The Government preceded more than expected in the year to March due to a higher salary expense and benefits, chord to official figures.
Loans, the difference between the expense and income of taxes, was £ 151.9 billion in the year until March, up to £ 20.7 billion of the previous year.
The amount that Borred was much higher than the £ 137.3 billion predicted for the official forecast of the United Kingdom.
The National Statistics Office (ONS), which published the figures, said that loans for the financial year were the highest registered third parties.
“Despite a substantial impulse in income, spending increased more, largely due to inflation -related costs, including the greatest salary and benefits increases,” said Grant Fitzner, chief economist of the ONS.
He added at the end of the financial year, the debt remained “near the annual value of the production of the economy, at the last time seen in the early 1960s.”
The highest loan figures occur when Foreign Minister Rachel Reeves will attend the annual IMF meetings and the World Bank in Washington.

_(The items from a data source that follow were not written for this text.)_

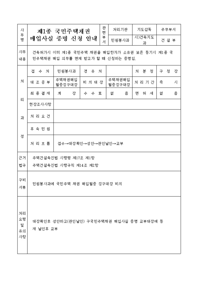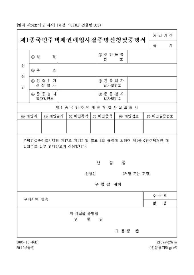 9,000원/월주택건설촉진법시행령 제17조 제1항 및 별표 3의 규정에 의하여 제1종국민주택채권 매입의무를 일부 면제받고자 신청할 때 사용하는 제1종 국민주택 채권매입 사실증명서 양식입니다.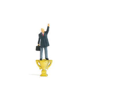 Miniature people toy figure photography. A businessman standing above gold trophy determine to win or become a winner while raise his hand. Isolated on white background. Image photo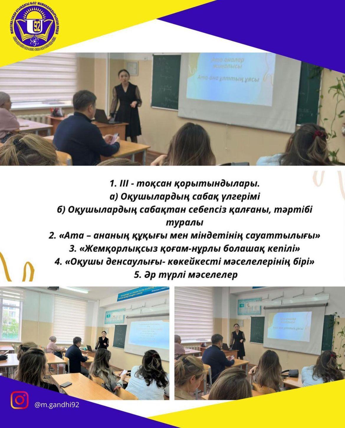 🔰Ата-ана жиналысында күн тәртібінде қарастырылған мәселелер: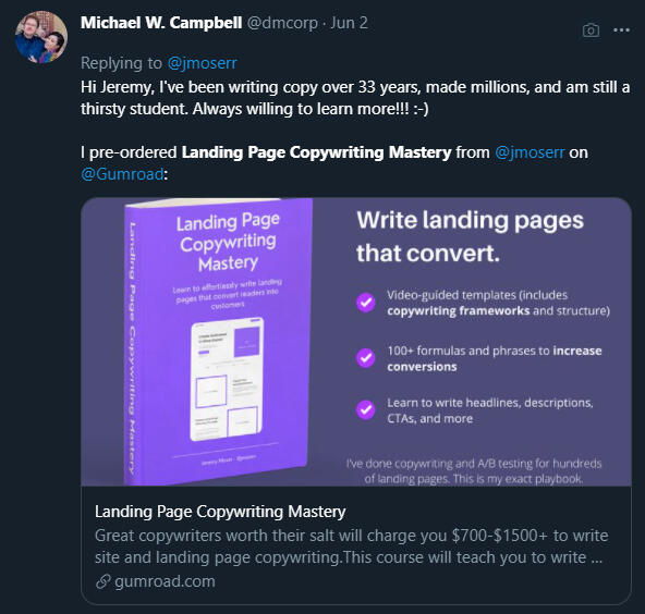 Take this course, write a landing page using these walkthroughs, and that same landing page will convert 114+ users.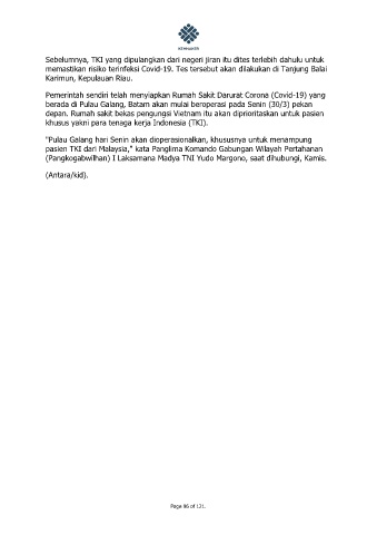 pasien TKI dari Malaysia," kata Panglima Komando Gabungan Wilayah Pertahanan
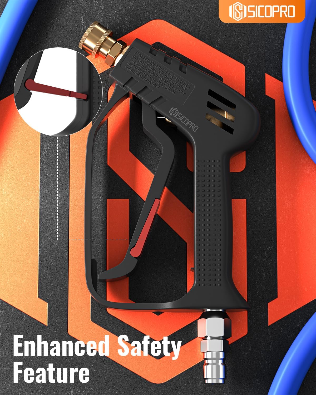 SICOPRO Short Pressure Washer Gun, Power Washer Gun for Car Wash Foam Gun, Stubby Pressure Washer Gun with 3/8" Male Plug And 1/4” Quick Connector Coupler, Anti-Tangle Design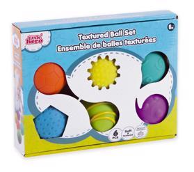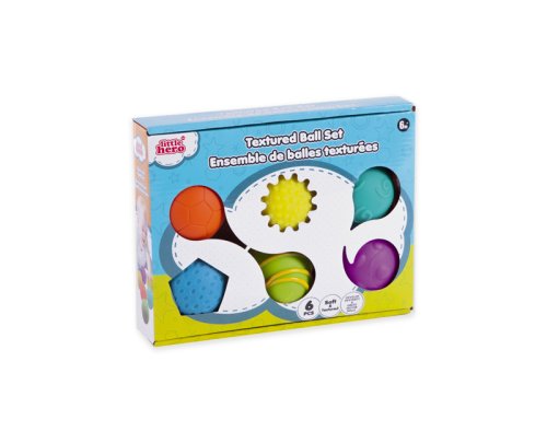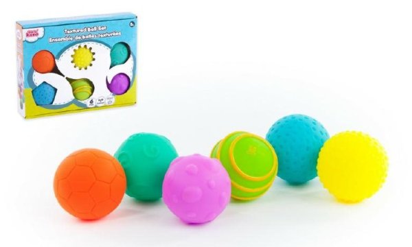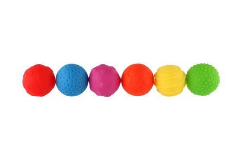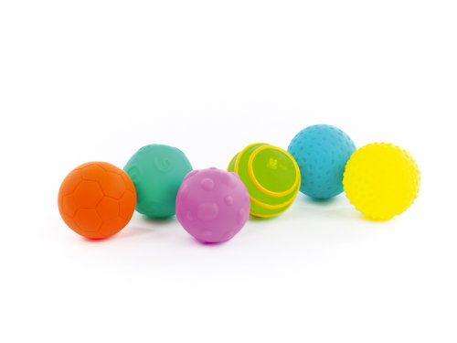 Sada 6 barevných gumových míčků. Každý míček má na svém povrchu jinou texturu. Průměr míčku 6 cm Rozměr krabice: 23 x 18 x 4 cm Vhodné od 6 měsíců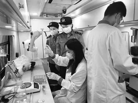 图二:由食品科、食药所党员组成的流动食品安全检测突击队正在快检车上对蔬菜进行快检。

On Tuesday, the IMF said that the United Kingdom’s economy would grow less than previously planned, 1.1% in 2025 instead of 1.6%, partly due to the world consequences of the United States commercial tariffs.
The ONS said that only in March, the loans were £ 16.4 billion, which marked the third highest March loan since the monthly records begged in 1993.
The highest loans have led some economists to suggest cost cuts and tax increases could be on their way, if Foreign Minister Gallina adheres to their self -imposed indebtedness rules.
“Reeves may not be too far from having to raise money again in the autumn budget, reducing spending and/or collecting taxes, to comply with its fiscal rules,” said Ruth Gregory, deputy director of Economics of the United Kingdom, in Capital Economics.
Darren Jones, main secretary of the Treasury, said that the government “would never play quickly and loose with public finances” and reiterated that the rules on loans were not “not negotiable.”
“That is why our fiscal rules are not negotiable and why we are going through each penny or money from the worn taxpayers, line per line, for the first time in 17 years to start the waste,” he added.
However, the Secretary of Business of the Shadow, Andrew Griffith, described the figures “Grim”.
“Combined with IMF growth sales yesterday, they show that you can’t spend your path to prosperity,” he said. “Only companies create jobs and growth, but this government is raising taxes, accumulating more bureaucracy and attacking the creators of wealth.”